Children with univentricular heart (UVH) have a limited life expectancy without early treatment. Long-term survival in UVH, in an unselected nationwide cohort, is unclear.

Objectives

To determine long-term survival in patients with UVH including non-operated patients compared with a control population in Sweden.

Methods

Patients with UVH born between 1970 and 2017 were identified from the National Registers and were matched for birth year and sex with 10 individuals without congenital heart disease. Follow-up was from birth until death, transplantation, or the end of study. Mortality risk was estimated by Cox proportional regression models and Kaplan–Meier survival analysis.

Results

We included 5075 patients with UVH including 758 (14.9%) patients with hypoplastic left heart syndrome (HLHS), and 50,620 matched controls.

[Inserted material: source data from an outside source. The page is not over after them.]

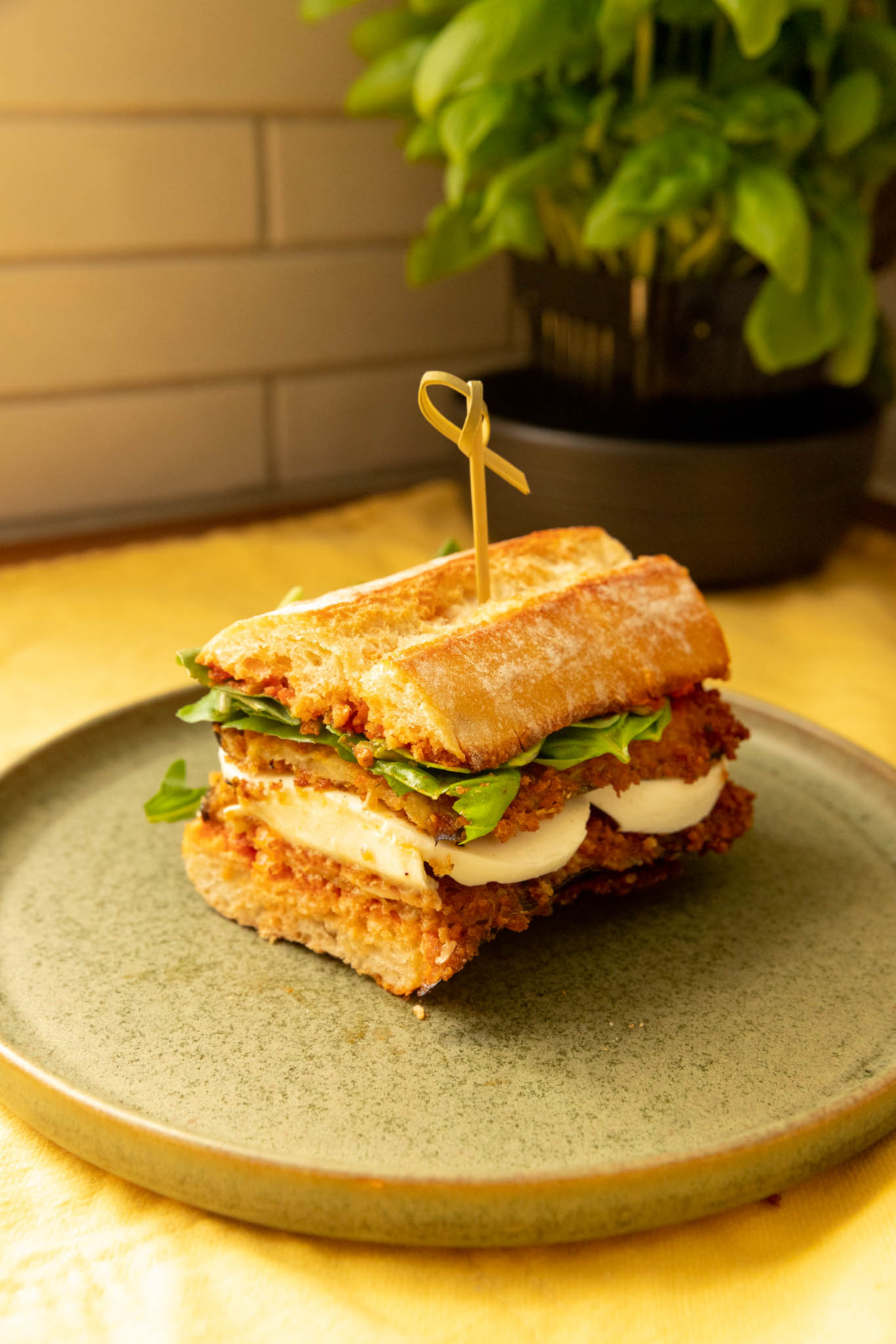 Un sandwich gourmand à l’aubergine parmigiana, garni de mozzarella et de sauce marinara, parfait pour un lunch frais et réconfortant!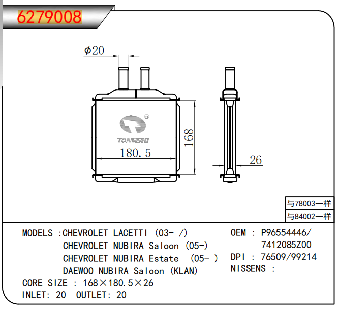 适用于雪佛兰LACETTI (03- /)/雪佛兰NUBIRA Saloon (05-)/雪佛兰NUBIRA Estate (05- )/大宇NUBIRA Saloon (KLAN)暖风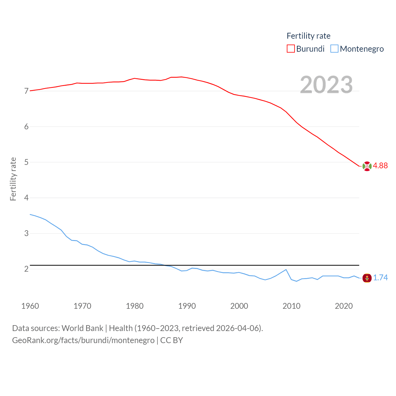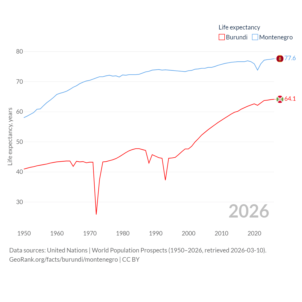 Burundi has a population of 14M (ranked 78/197), compared with 624K in Montenegro (ranked 166/197). Burundi's land area is 9,915 sq mi versus 5,193 sq mi for Montenegro (ranked 144th vs. 156th).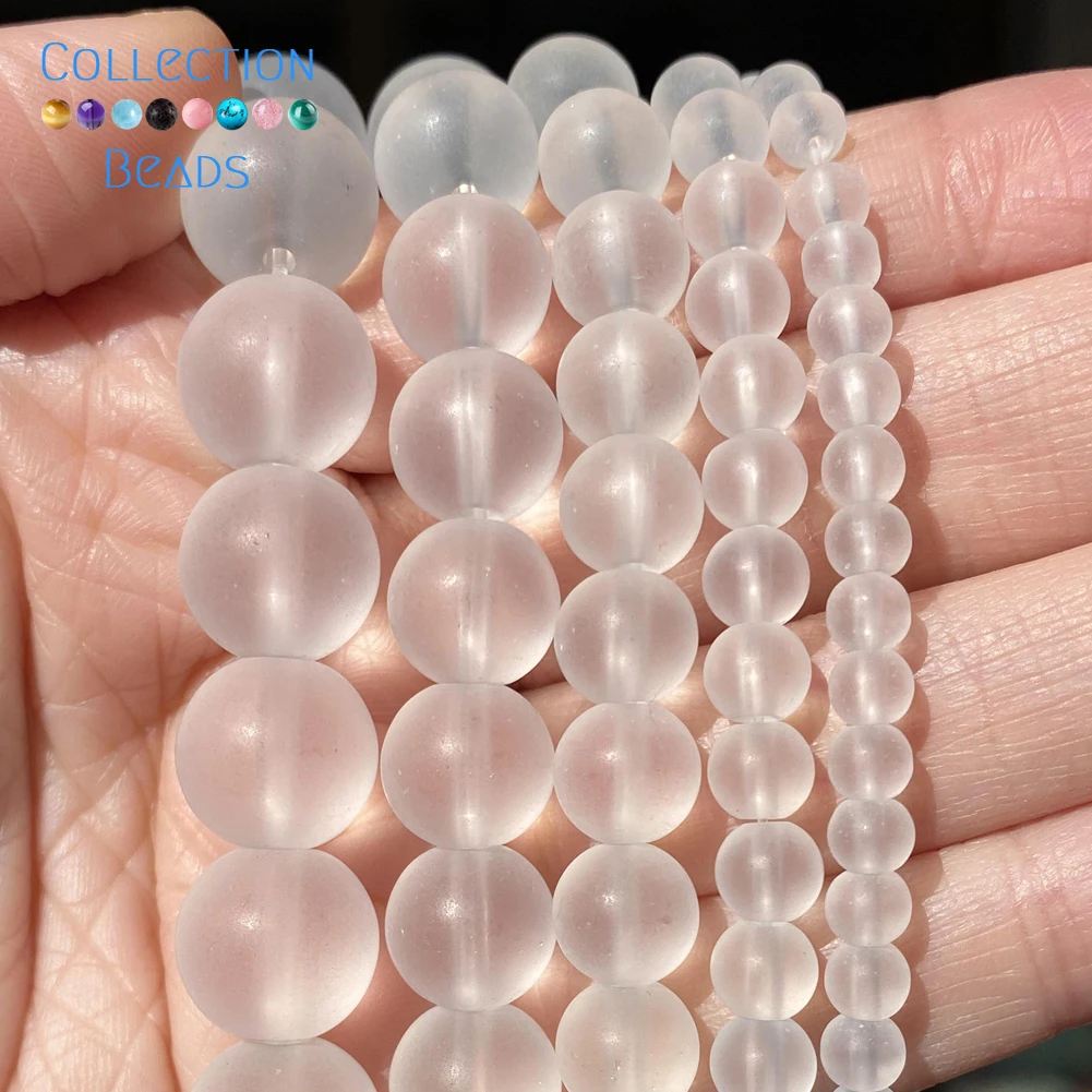 Натуральный Матовый полированный белый кристаллический камень для изготовления ювелирных изделий 4-12 мм Diy Браслеты Аксессуары 15"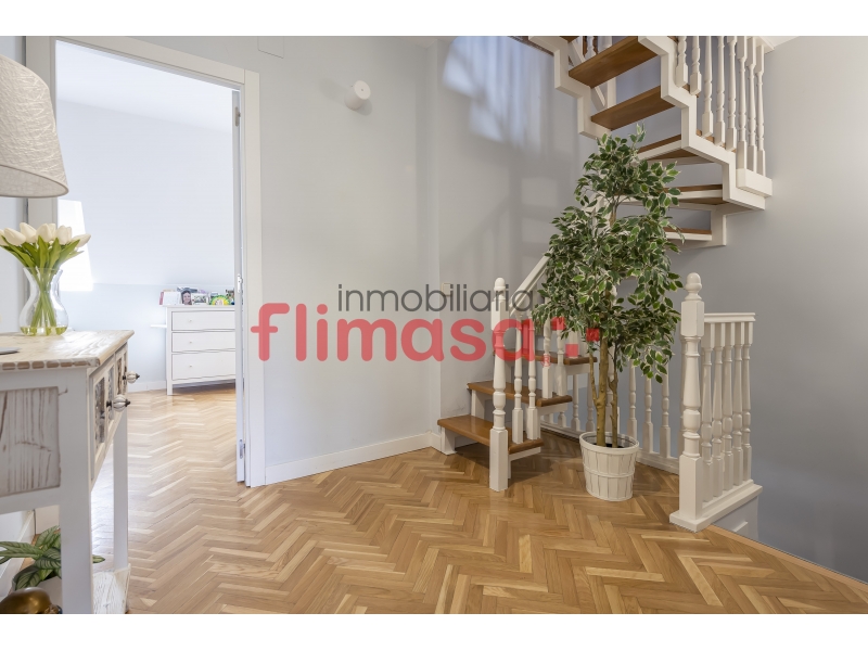 En cuanto a calidades, destacan los suelos de tarima y parquet en tonos roble, ventanas de PVC oscilobatientes con rotura de puente térmico, puertas lacadas en blanco, calefacción individual de gas natural y aire acondicionado en salón, dormitorios y buhardilla.

Median follow-up time was 13.6 (IQR 0.7; 26.8) years. The hazard ratio for death in patients with UVH was 53.0 (95% confidence interval, 48.0–58.6), and for HLHS, 163.5 (95% CI, 124.3–215.2). In patients with HLHS, 84% of those who were born between 1982 and 1993 died or had transplantation during the first year of life compared with 29% born between 2006 and 2017. In patients with UVH without HLHS, death/transplantation in the first year of life declined from 36% in those born between 1970 and 1981 to 8.7% in those born between 2006 and 2017.

Conclusions

The risk of mortality was >50 times higher in patients with UVH than in controls. The survival rate increased with a later decade of birth but was still <75% in patients born with HLHS.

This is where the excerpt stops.